3. The electrostatic discharge protection material according to claim 1, wherein the metal particle has a diameter smaller than that of the inorganic particle.

4. The electrostatic discharge protection material according to claim 1, wherein the metal particle is positioned between the inorganic particles and has a diameter smaller than that of the inorganic particle.

5. The electrostatic discharge protection material according to claim 1, wherein the inorganic particle and the metal particle has a diameter ratio of 1.3 to 0.15.

6. The electrostatic discharge protection material according to claim 1, wherein the inorganic particle is made of at least one substance selected from a group consisting of Al2O3, SiO2, TiO2, ZnO, In2O3, NiO, CoO, SnO2, ZrO2, CuO, MgO, AlN, BN, and SiC, or a compound thereof.

7. The electrostatic discharge protection material according to claim 1, wherein the metal particle is made of at least one metal selected from a group consisting of C, Ni Cu, Au, Ti, Cr, Ag, Pd, and Pt, or a metal compound thereof.

8. The electrostatic discharge protection material according to claim 1, wherein the inorganic particle is made of two or more kinds of particles having different diameters.

9. The electrostatic discharge protection material according to claim 1, wherein the metal particle is made of two or more kinds of particles having different diameters.

10. The electrostatic discharge protection material according to claim 1, wherein the inorganic particle and the metal particle are made of two or more kinds of particles having different diameters, respectively.

11. An electrostatic discharge protection material, comprising:

a resin matrix; and

first inorganic particles, second inorganic particles, and first metal particles dispersed and mixed in the resin matrix,

wherein the first metal particle has a diameter smaller than that of the first inorganic particle and the second inorganic particle has a diameter smaller than that of the first metal particle.

12. The electrostatic discharge protection material according to claim 11, wherein the first inorganic particle, the first metal particle, and the second inorganic particle have a diameter ratio of 1.3 to 0.15 to 0.03.

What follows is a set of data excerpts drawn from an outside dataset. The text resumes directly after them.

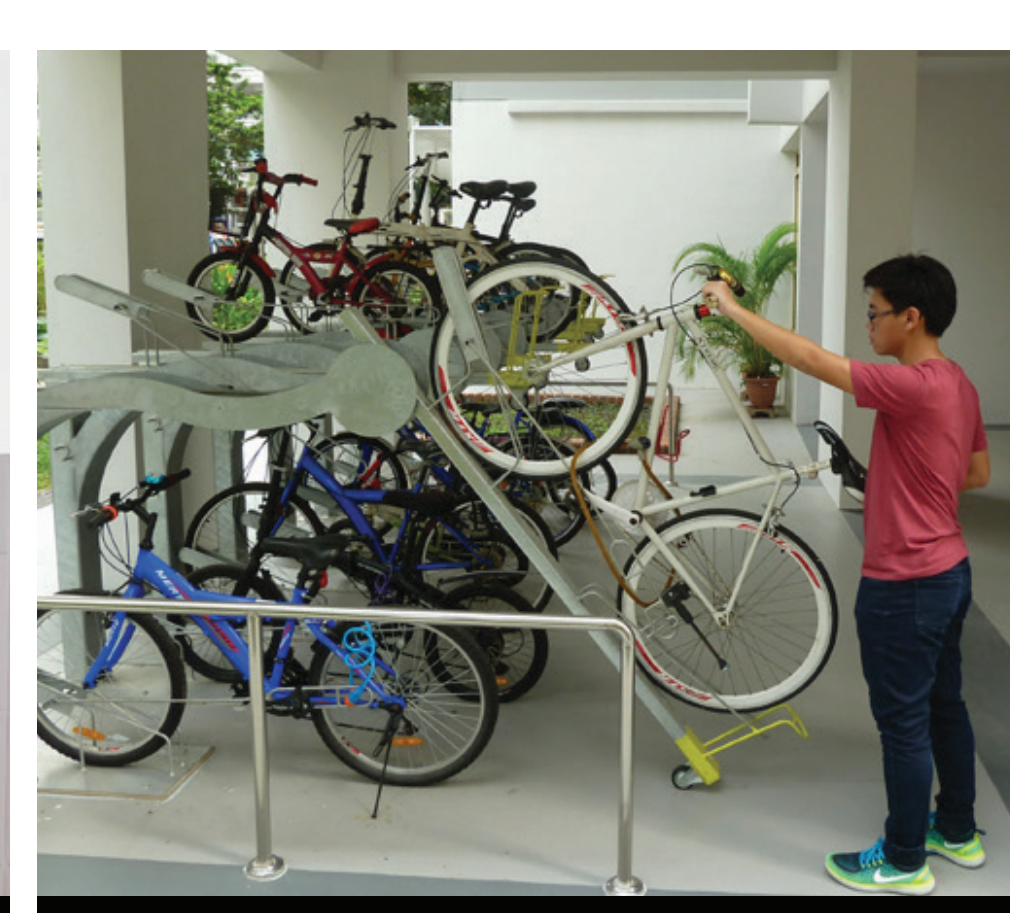
Bicycle stands to encourage cycling
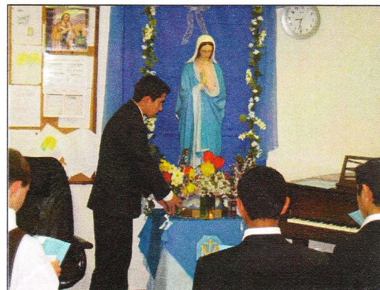
Every morning we greet Our Blessed Mother with flowers, prayers and a hymn.
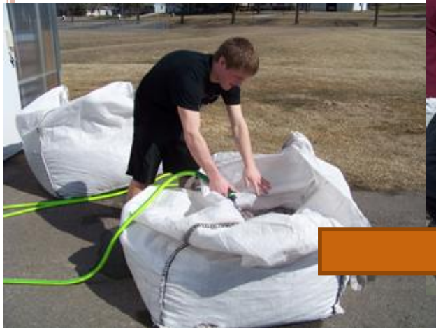
Cleaning grow stones
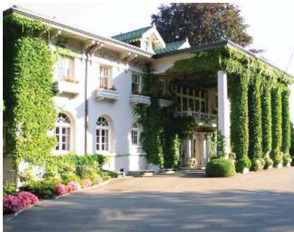
1489 McRae Ave Hycroft Shaughnessy Heights Restore the North exterior balustrads and staircase, 2003 Heritage Register: A(M)(L)
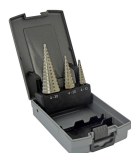
3 conical HSS step drill bits with straight flutes Ø 4 to 30 mm
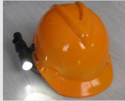
MCI BW 7300

Ex protected areas, EX endangered areas, Road tunnel and tunnel construction zones Warehouses, refineries, oil fields, service stations Petro chemistry, chemical plant, munitions factory Firework production etc. In areas of explosive products, dust, solid materials, gases Mobile lighting with little energy consumption for Fire police and emergency services
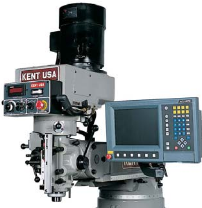
KTM-4VKF with MillPwr-2

Position-Trac scale has absolute encoder technology. This allows MillPwr control to find machine "home" position in any axis by moving only up to 2" of travel. Once homed, work piece datum is established and the control can repeat a position even after being powered off. As an added benefit, software limits can be set to safely keep machine travel within machine travel limits without the need of additional hardware limit switches and home switches.
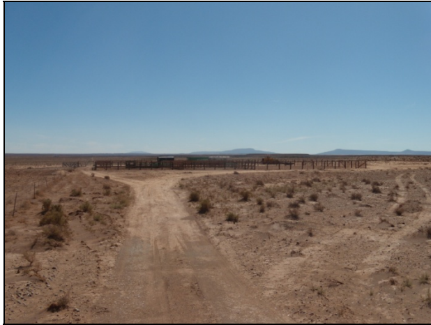
Corrals on deeded land.
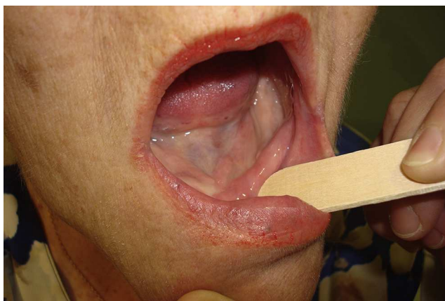
Figure 2 Flap result in the patient shown in Fig. 1, at 5 months postoperative.

suture over the bone defect, with reappearance of the fistula. Lastly, a distal branch of the buccal branch of the facial nerve was injured in 1 patient during a particularly difficult dissection. This patient presented buccal corner asymmetry that did not improve over time.
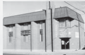
Edmonton Chinese Mennonite Church & Edmonton Vietnamese Mennonite Church, Alberta, Canada
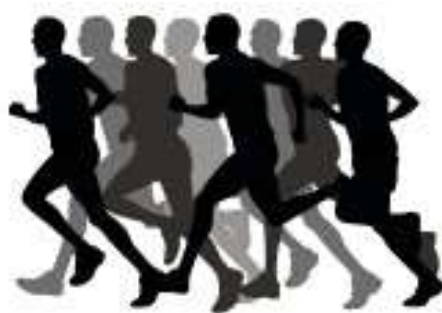
Oliver Reed 9AD

13. The electrostatic discharge protection material according to claim 11, wherein second metal particles having a diameter smaller than that of the second inorganic particle are dispersed and mixed in the resin matrix.

14. The electrostatic discharge protection material according to claim 13, wherein the first inorganic particle, the first metal particle, the second inorganic particle, and the second metal particle have a diameter ratio of 1.3 to 0.15 to 0.03 to 0.004.

15. An electrostatic discharge protection device, comprising:

an insulating substrate;

a pair of electrodes spaced apart from each other and disposed to face each other; and

a function layer provided on the insulating substrate so as to cover a gap between the pair of electrodes,

wherein the function layer is configured of the electrostatic discharge protection material according to claim 1.